Along with all of this, it solidifies power. A White House lawyer at the time, when asked if the administration would withdraw Kavanaugh’s nomination in light of Dr. Ford’s accusations, said that it would not withdraw the nomination. In fact, the lawyer told Politico , it would have the opposite effect because “[i]f somebody can be brought down by accusations like this, then you, me, every man certainly should be worried. We can all be accused of something.” The lawyer’s statement suggests that every man in power has something to hide, something to keep secret, something that must be kept hidden. The lawyer’s comments also suggest that the crime isn’t what the man did but rather getting caught for the assault and violence, because getting caught would lead to their downfall.

No woman should fear being believed. No woman should have to watch every step they make in order to survive. As I finished The Low, Low Woods, I kept thinking, as well, about two songs: Dessa’s “Fire Drills” and War on Women’s “Lone Wolves.” These two songs highlight the themes of The Low, Low Woods, specifically the fact that we have created society where women must be hyper vigilant in order to merely survive. This constant state of vigilance hinders individuals’ lives because it causes them to always remain alert, denying them a moment of calm.
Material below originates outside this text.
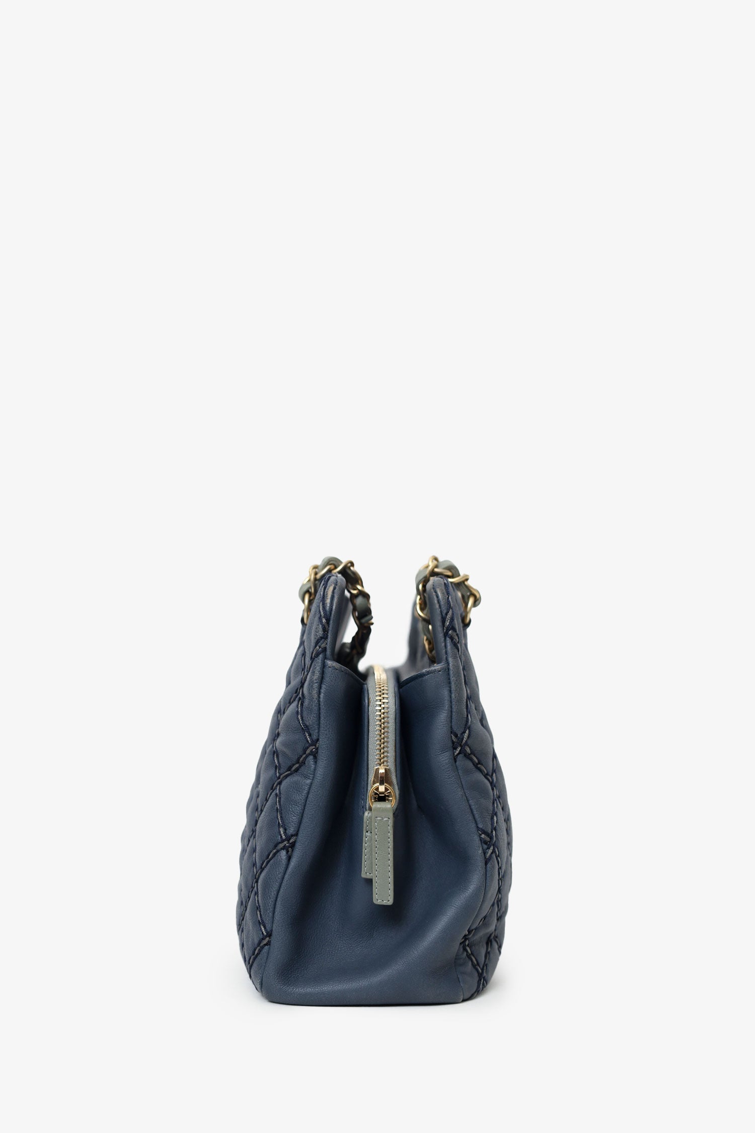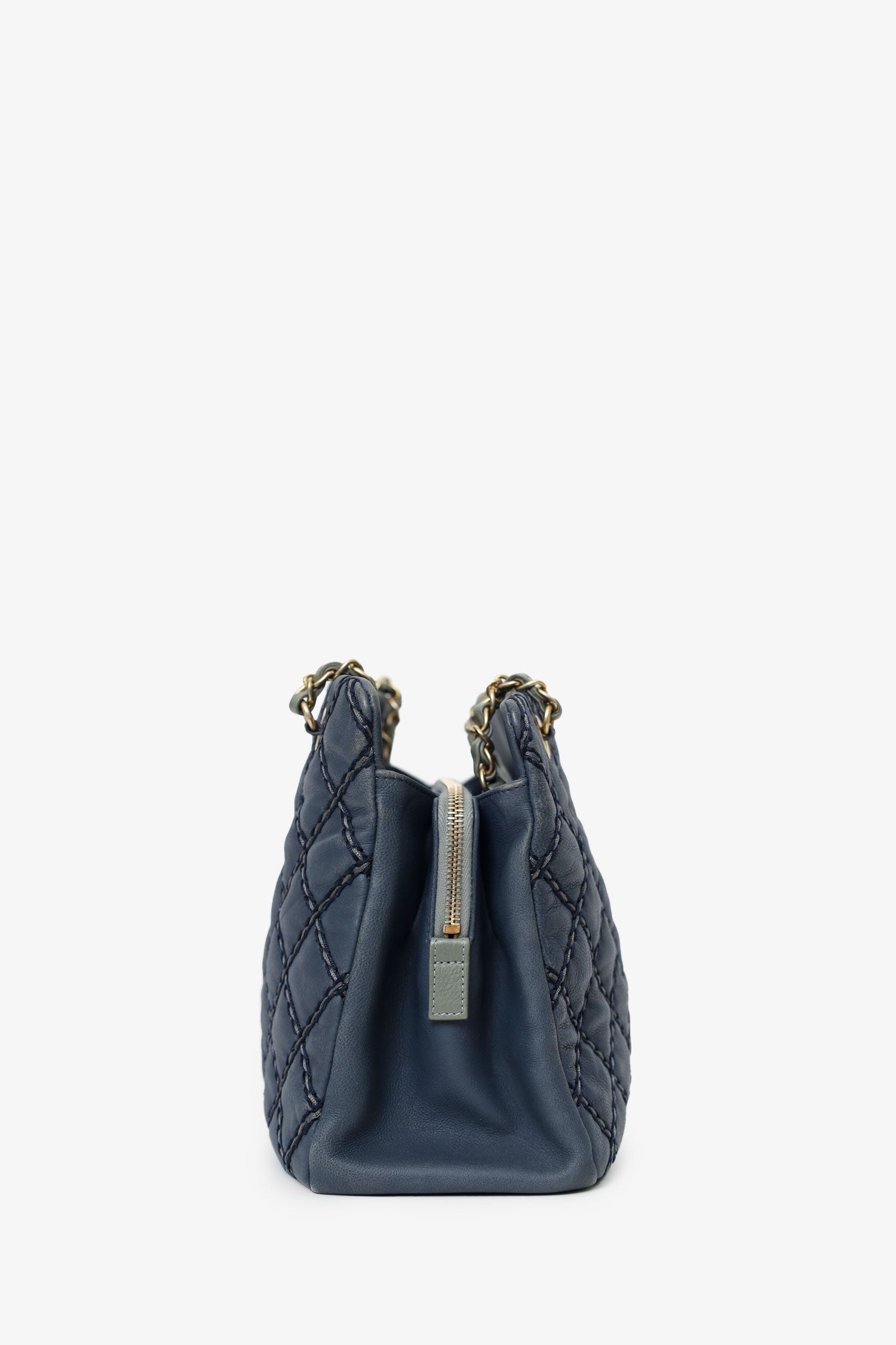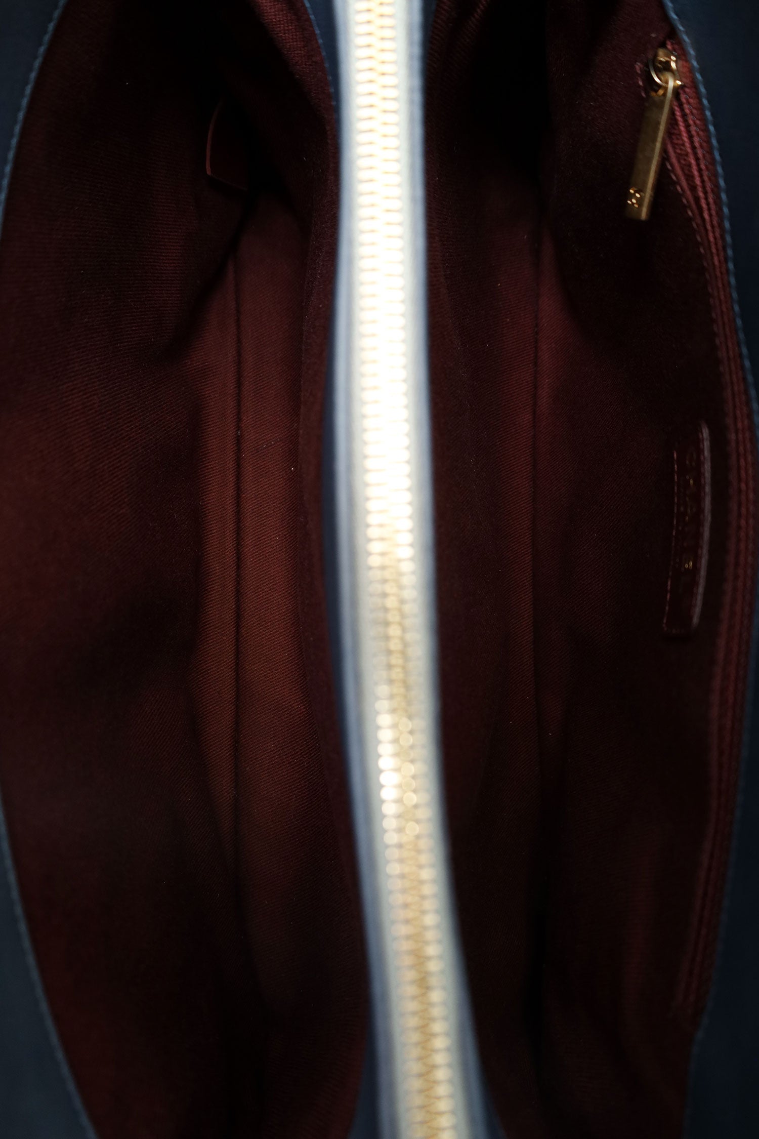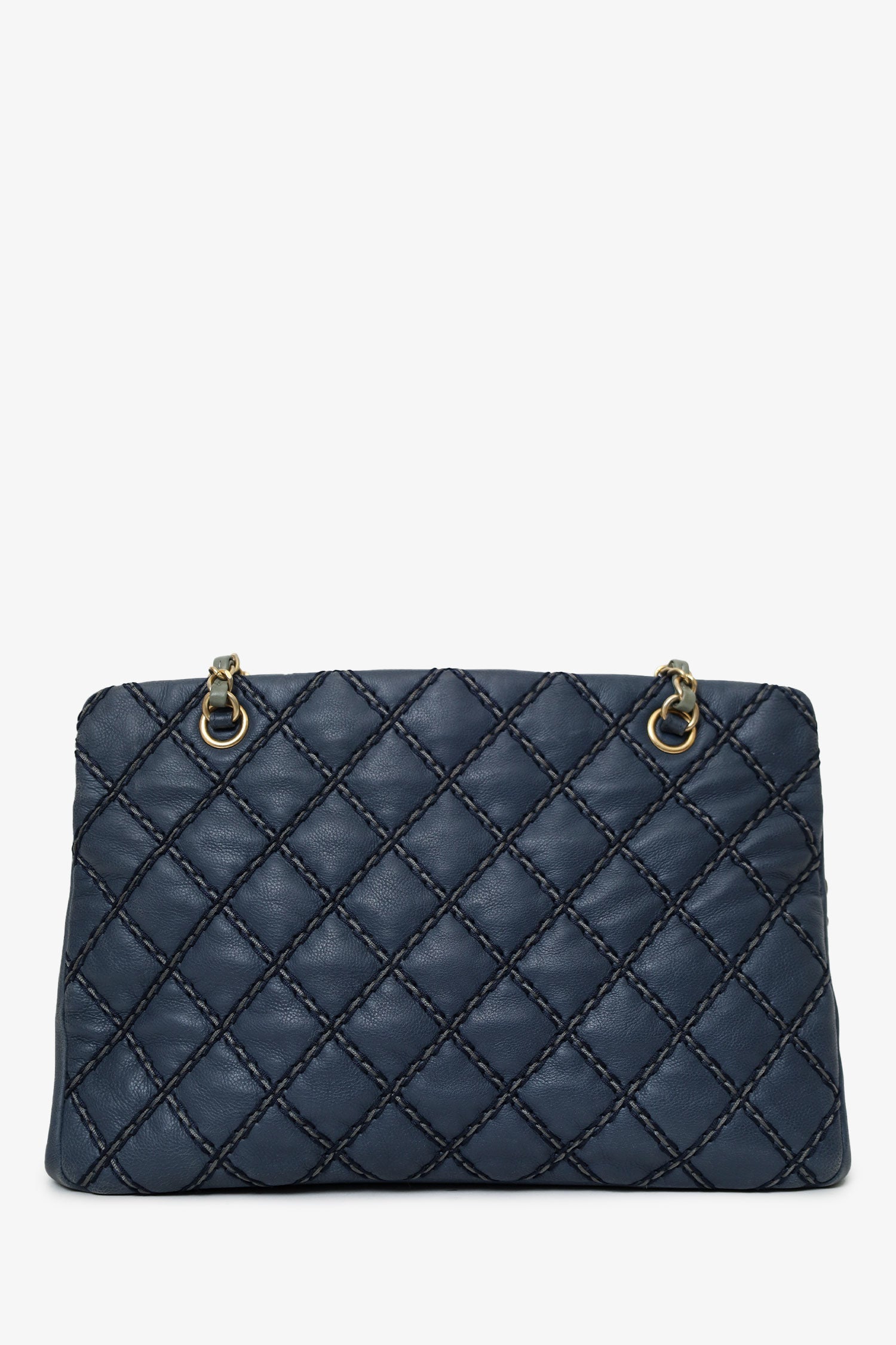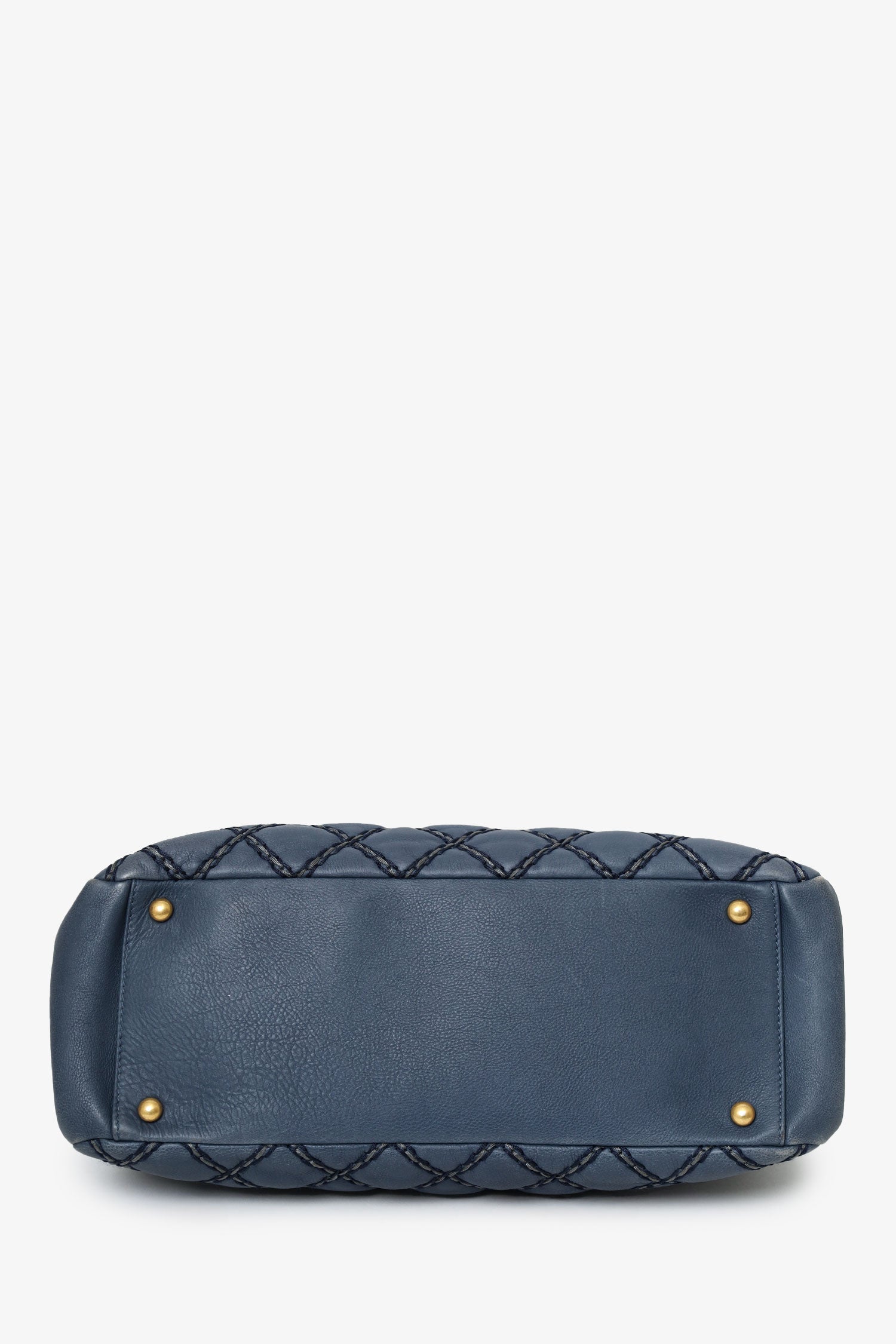Pre-Loved Chanel™ 2014 Blue Leather Paris-Dallas Chic Stitch Bag. Top open. Twin leather straps. Protective base studs. 3 interior compartments; front open, middle zip and rear with single zip pocket. Gold-tone hardware. Tonal stitching.

Dessa sums this up in “Fire Drills,” specifically in the third verse where she raps that instead of telling girls, from a young age, “Go out and be brave” we tell them, “Be careful, stay safe.” We hinder their ability to live, and as Dessa points out, women deserve more “than mother fucking vigilance” because it’s hard to “make a difference if the big ambition is simply standing sentry to your innocence.”

Likewise, Shawna Potter points out the constant vigilance that women must engage with as she sings on “Lone Wolves,” “You act butch, pretend, hide yourself, you find your exits, and you work to improvise weapons.” In order to survive, the woman must be aware of exits, escape plans, and ways to fight back if need be. That shouldn’t be the case, but, as Potter continues, “They don’t care you live. They don’t care if you die. It’s only been about control.” The control is the key. Nothing surpasses it. That is why “boys will be boys” and why the leaders of Shudder to Think don’t criminalize the boys for their actions but merely chastise them for “getting caught.”